Assignment
When you reach the line with "Napájecí kabelová koncovka" in the data below, begin printing lines exactly, and stop once the line with "в Обнинске купить" has been printed.

Source data
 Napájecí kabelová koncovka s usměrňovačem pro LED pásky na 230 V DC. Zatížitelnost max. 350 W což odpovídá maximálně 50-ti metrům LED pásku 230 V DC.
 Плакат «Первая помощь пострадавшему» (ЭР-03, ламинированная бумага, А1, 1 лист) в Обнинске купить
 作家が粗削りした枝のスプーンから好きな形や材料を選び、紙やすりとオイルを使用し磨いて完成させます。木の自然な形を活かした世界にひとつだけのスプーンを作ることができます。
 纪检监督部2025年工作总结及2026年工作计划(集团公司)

--

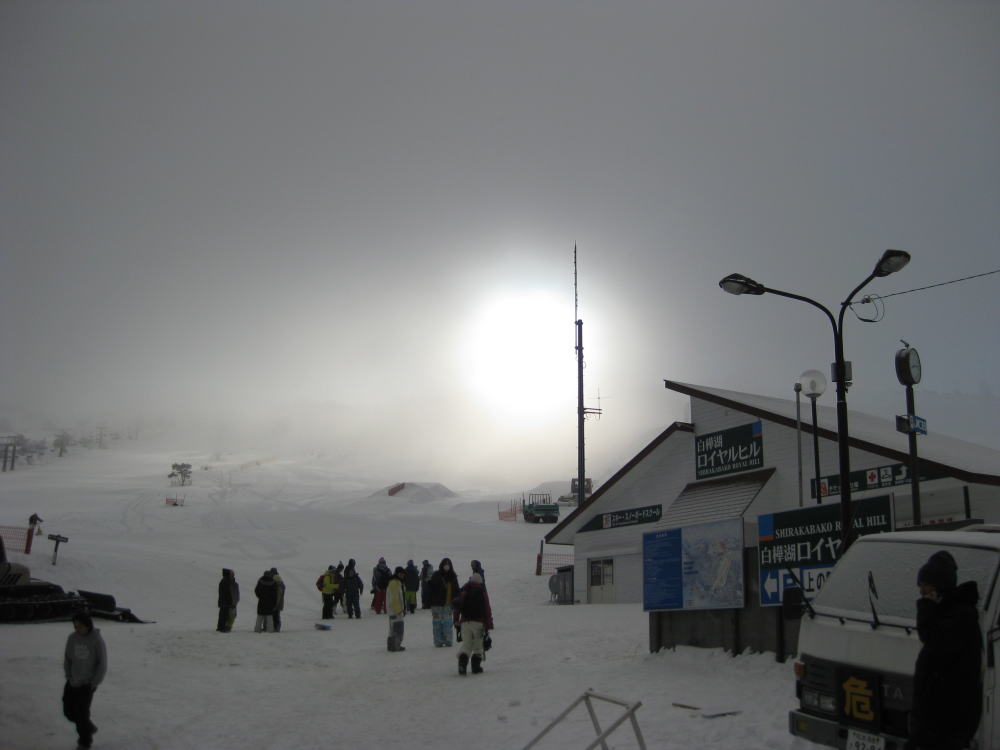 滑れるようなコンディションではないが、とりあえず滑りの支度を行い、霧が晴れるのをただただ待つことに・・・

Solution to this exercise
 Napájecí kabelová koncovka s usměrňovačem pro LED pásky na 230 V DC. Zatížitelnost max. 350 W což odpovídá maximálně 50-ti metrům LED pásku 230 V DC.
 Плакат «Первая помощь пострадавшему» (ЭР-03, ламинированная бумага, А1, 1 лист) в Обнинске купить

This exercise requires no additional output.